▸ Collected data

******************************

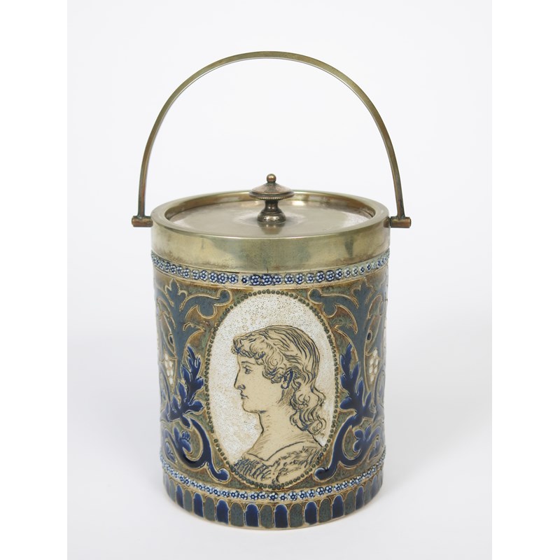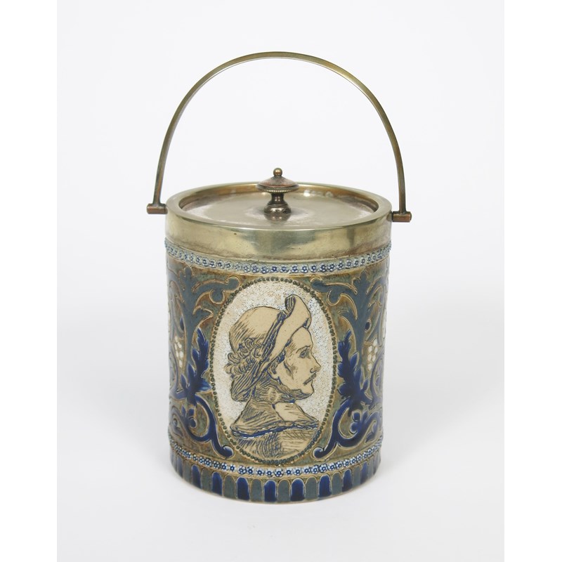 A Doulton Lambeth stoneware biscuit barrel with electroplated fittings and cover, dated 1886, cylindrical form, incised with medieval couple portrait roundels on stippled ground, inside scrolling foliage, glazed green, blue and ochre, highlighted in white on a buff ground, impressed factory marks, incised artists monograms, 18.5cm. high
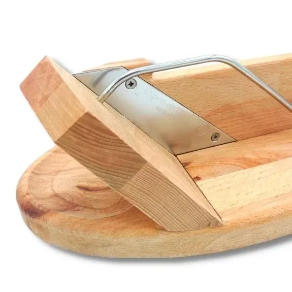 La planche et le manche sont en bois de hêtre huilé. Le hêtre est un bois solide et particulièrement résistant ce qui en fait le matériau idéal pour ce modèle de coupe saucisson. D’un point de vue esthétique, sa couleur est claire avec des nuances de blanc et rose.
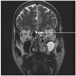A 15years old girl was referred to the ENT Department of our hospital with a history of a lifelong impossibility to perceive smells She also complained of abundant rhinorrhea and occasional headaches. She didn’t have any relevant family history and had a normal physical and psychological development. Rhinoscopy and fiberoscopy showed no structural abnormalities, no septal deviation, polyps nor any other inflammatory findings that could justify the symptoms. The olfactometry using the University of Pennsylvania Smell identification Test (UPSIT) described a total anosmia. Magnetic Resonance Imaging (MRI) found the absence of olfactory bulbs and a hypoplasia of both olfactory sulcus, more severe on the left one (Figure 1). Due to these findings, were referred our patient to the Endocrinology and Gynecology Departments of our hospital, where they determined a normal hormonal and sexual development. Thus the diagnosis of isolated congenital agenesis of the olfactory bulbs and hypoplasia of olfactory sulcus was made.
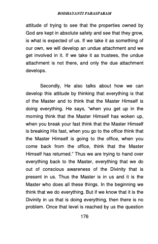 attitude of trying to see that the properties owned by God are kept in absolute safety and see that they grow, is what is expected of us. If we take it as something of our own, we will develop an undue attachment and we get involved in it. If we take it as trustees, the undue attachment is not there, and only the due attachment develops.

******************************

▸ What you are asked to do
Quote all the lines above exactly as given. Do not include the pictures.

▸ Reply
 A Doulton Lambeth stoneware biscuit barrel with electroplated fittings and cover, dated 1886, cylindrical form, incised with medieval couple portrait roundels on stippled ground, inside scrolling foliage, glazed green, blue and ochre, highlighted in white on a buff ground, impressed factory marks, incised artists monograms, 18.5cm. high
 La planche et le manche sont en bois de hêtre huilé. Le hêtre est un bois solide et particulièrement résistant ce qui en fait le matériau idéal pour ce modèle de coupe saucisson. D’un point de vue esthétique, sa couleur est claire avec des nuances de blanc et rose.
A 15years old girl was referred to the ENT Department of our hospital with a history of a lifelong impossibility to perceive smells She also complained of abundant rhinorrhea and occasional headaches. She didn’t have any relevant family history and had a normal physical and psychological development. Rhinoscopy and fiberoscopy showed no structural abnormalities, no septal deviation, polyps nor any other inflammatory findings that could justify the symptoms. The olfactometry using the University of Pennsylvania Smell identification Test (UPSIT) described a total anosmia. Magnetic Resonance Imaging (MRI) found the absence of olfactory bulbs and a hypoplasia of both olfactory sulcus, more severe on the left one (Figure 1). Due to these findings, were referred our patient to the Endocrinology and Gynecology Departments of our hospital, where they determined a normal hormonal and sexual development. Thus the diagnosis of isolated congenital agenesis of the olfactory bulbs and hypoplasia of olfactory sulcus was made.
 attitude of trying to see that the properties owned by God are kept in absolute safety and see that they grow, is what is expected of us. If we take it as something of our own, we will develop an undue attachment and we get involved in it. If we take it as trustees, the undue attachment is not there, and only the due attachment develops.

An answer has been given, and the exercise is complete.